Assignment:
Give the lines below again exactly, starting with the line that holds "A playful blend" and going on through the line that holds "LoveHandle PRO MagSafe".

Source material:
■ ■ ■

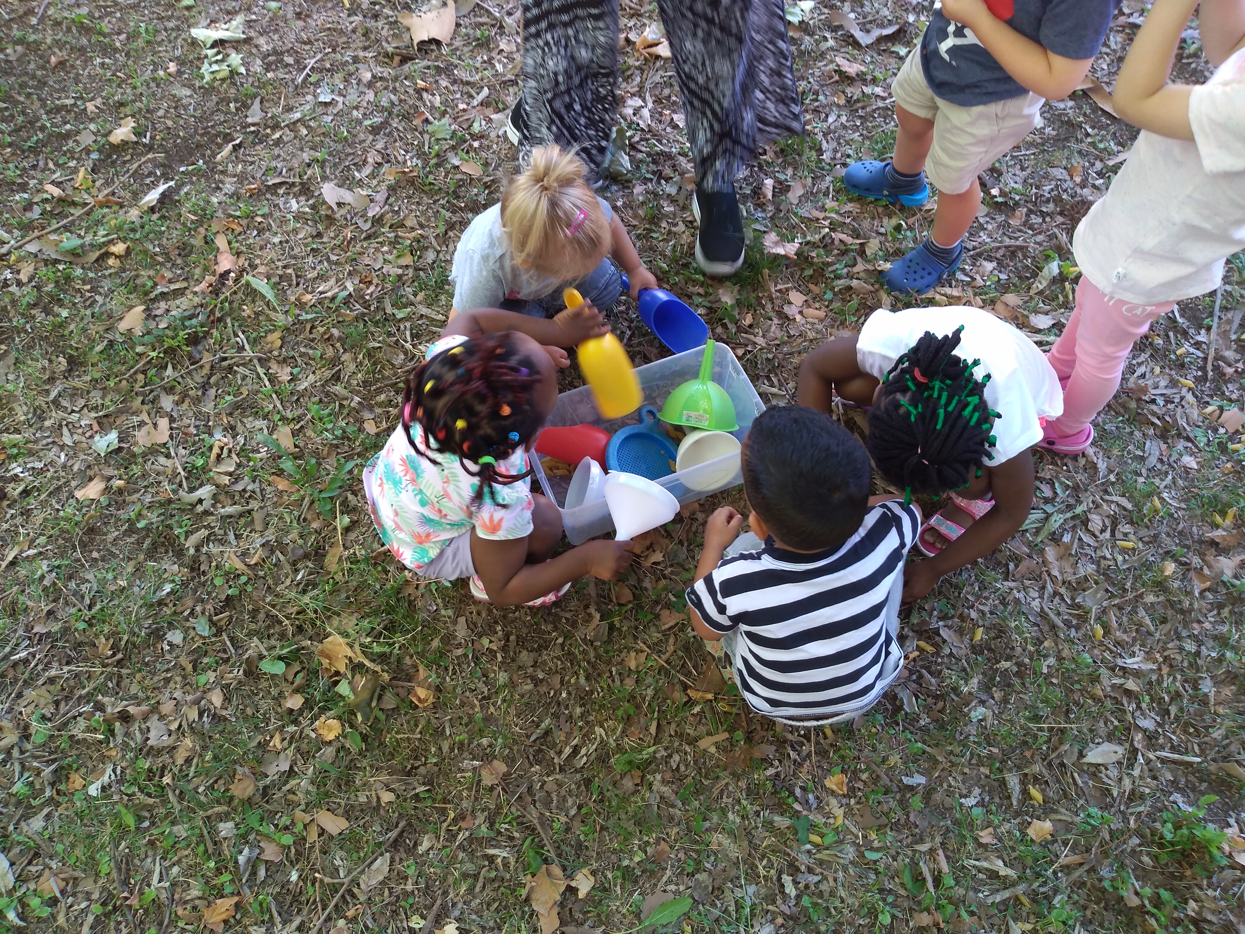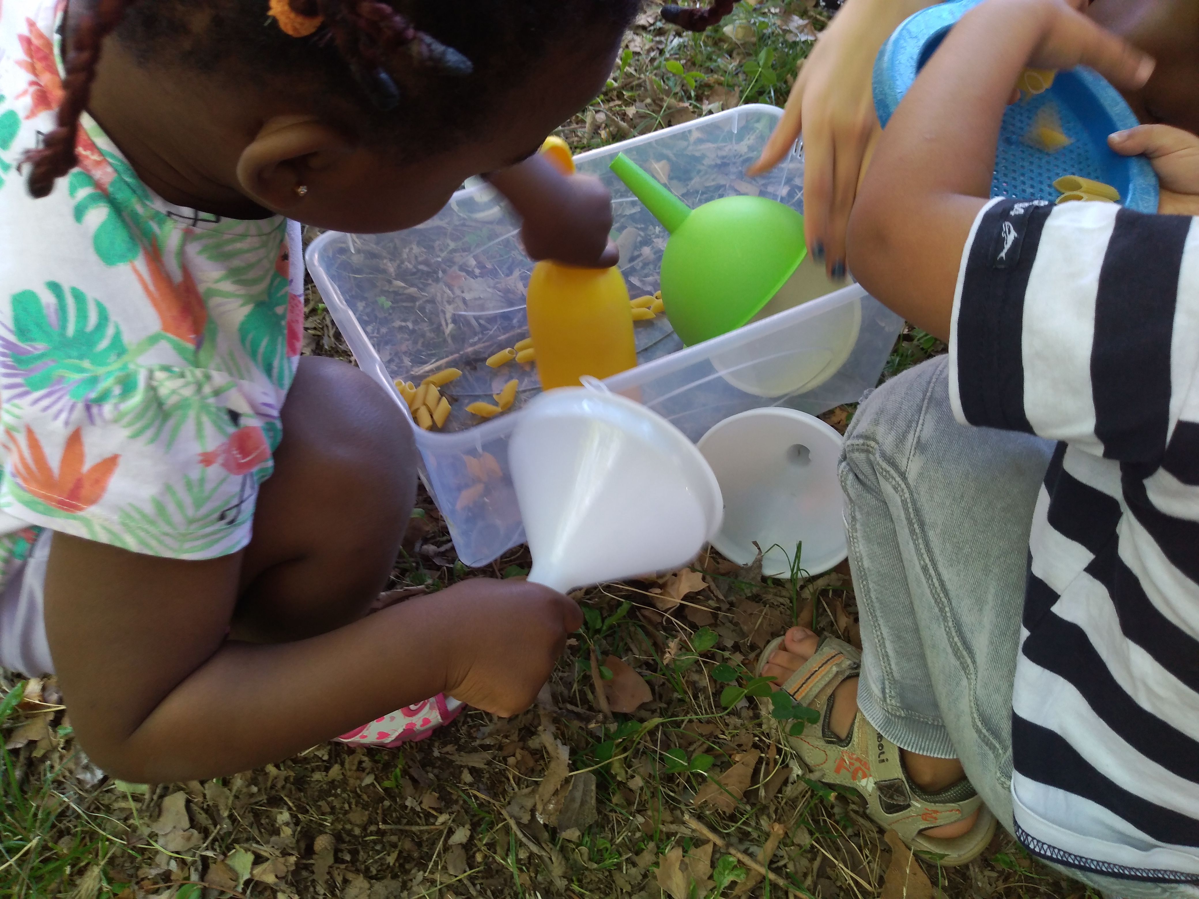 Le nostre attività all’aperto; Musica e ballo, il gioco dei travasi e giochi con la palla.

■ ■ ■

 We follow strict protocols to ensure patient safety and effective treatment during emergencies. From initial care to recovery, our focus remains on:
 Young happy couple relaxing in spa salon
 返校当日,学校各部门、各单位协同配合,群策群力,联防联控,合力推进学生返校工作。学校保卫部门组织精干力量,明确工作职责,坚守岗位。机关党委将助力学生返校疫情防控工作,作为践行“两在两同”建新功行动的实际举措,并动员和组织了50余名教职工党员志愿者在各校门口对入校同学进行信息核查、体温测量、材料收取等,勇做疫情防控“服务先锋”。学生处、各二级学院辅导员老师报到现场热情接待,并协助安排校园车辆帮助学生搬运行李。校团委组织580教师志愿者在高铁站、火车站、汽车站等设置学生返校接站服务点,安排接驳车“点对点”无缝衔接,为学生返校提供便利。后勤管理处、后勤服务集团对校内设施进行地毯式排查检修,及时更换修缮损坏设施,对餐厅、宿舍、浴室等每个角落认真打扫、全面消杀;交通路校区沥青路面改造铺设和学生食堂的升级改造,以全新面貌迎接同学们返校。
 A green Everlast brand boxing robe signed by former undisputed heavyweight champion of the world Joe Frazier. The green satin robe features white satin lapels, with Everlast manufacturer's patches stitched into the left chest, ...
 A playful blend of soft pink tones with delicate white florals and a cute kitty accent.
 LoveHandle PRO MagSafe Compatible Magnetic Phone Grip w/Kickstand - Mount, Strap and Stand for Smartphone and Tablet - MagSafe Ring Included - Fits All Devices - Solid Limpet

■ ■ ■

Answer section:
 A playful blend of soft pink tones with delicate white florals and a cute kitty accent.
 LoveHandle PRO MagSafe Compatible Magnetic Phone Grip w/Kickstand - Mount, Strap and Stand for Smartphone and Tablet - MagSafe Ring Included - Fits All Devices - Solid Limpet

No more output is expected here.